Phase 14.0: cassette-first, no libcurl dependency. The MEP spec called for a cassette layer that intercepts libcurl. Phase 14.0 instead uses a simpler approach: the C runtime reads MOCHI_LLM_CASSETTE_DIR and looks up pre-recorded response files by DJB2 hash of the (provider, model, prompt) triple. This avoids any HTTP dependency for the gate. Live-mode HTTP providers land in Phase 14.1-14.4.

Phase 14.0: DJB2 hash-keyed cassette files. File name format: <hash_decimal>.txt where hash is DJB2 applied to "<provider>\0<model>\0<prompt>". The Go test side replicates the same hash to create cassette files for each fixture. The NUL separator prevents ambiguous concatenations like ("a", "bc") and ("ab", "c") from colliding.

Phase 14.0: llm.c auto-picked up by collectRuntimeSources.

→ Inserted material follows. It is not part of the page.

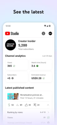 The official YouTube Studio app is the best way for you to understand and connect with the people in your community using the device you always have with you. Use the app to:
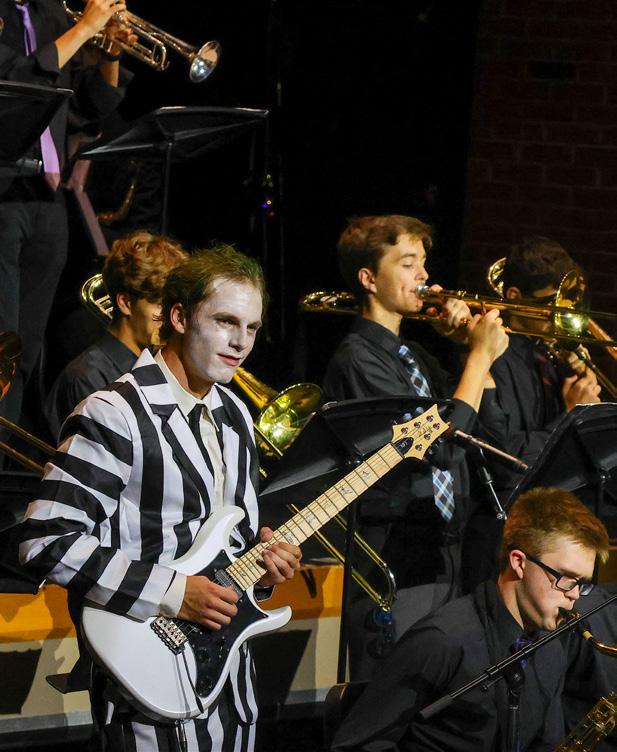 Performing a guitar solo during the Beetlejuice theme song, Theron Stockwell (12) plays in the Fall Band Concert on Oct. 13. Stockwell’s impromptu costume choice made his performance all the more memorable. Photo by Luke Kouns

The build driver's collectRuntimeSources walks every *.c file in the embed FS src/ directory. Adding llm.c there is sufficient; no driver change needed. The header llm.h is included unconditionally in the emitted prologue (same as all other runtime headers).

Phase 14.0: type-checker whitelist for provider names. The type checker now recognises "openai", "anthropic", "google", "llama" as text-generation providers returning string. All other unknown targets are still an error (existing unknown_generate_type golden test preserved). Unknown struct targets still produce the T025 unknown type diagnostic.

Phase 14.0: generate <provider> { model, prompt } fields only. Phase 14.0 lowers only prompt and model fields. Other fields ("temperature", "top_p", "max_tokens", "stop") are rejected by the lower pass with an unsupported-in-Phase-14.0 error. The type checker already validates these field types.

Phase 14.0: trailing newline stripped from cassette files. The runtime strips a single trailing newline so cassette files can be written with a trailing newline (normal in text editors) without affecting the effective response. The cassette directory for each fixture is stored under <fixture>/cassette/.

Deferred work

Provider-specific tool-use / function-calling integration tests: a follow-up phase if upstream stabilises.

Closeout notes

All sub-phases 14.0 through 14.5 are LANDED. The generate <provider> { ... } expression compiles and runs in cassette replay mode; OpenAI, Anthropic, and Google live providers are available with -DMOCHI_LLM_HAVE_CURL -lcurl; llama.cpp local inference is available with -DMOCHI_LLM_HAVE_LLAMA -lllama and LLAMA_MODEL_PATH; cassette recording is available via MOCHI_LLM_CASSETTE_RECORD. Phase 14 is COMPLETE.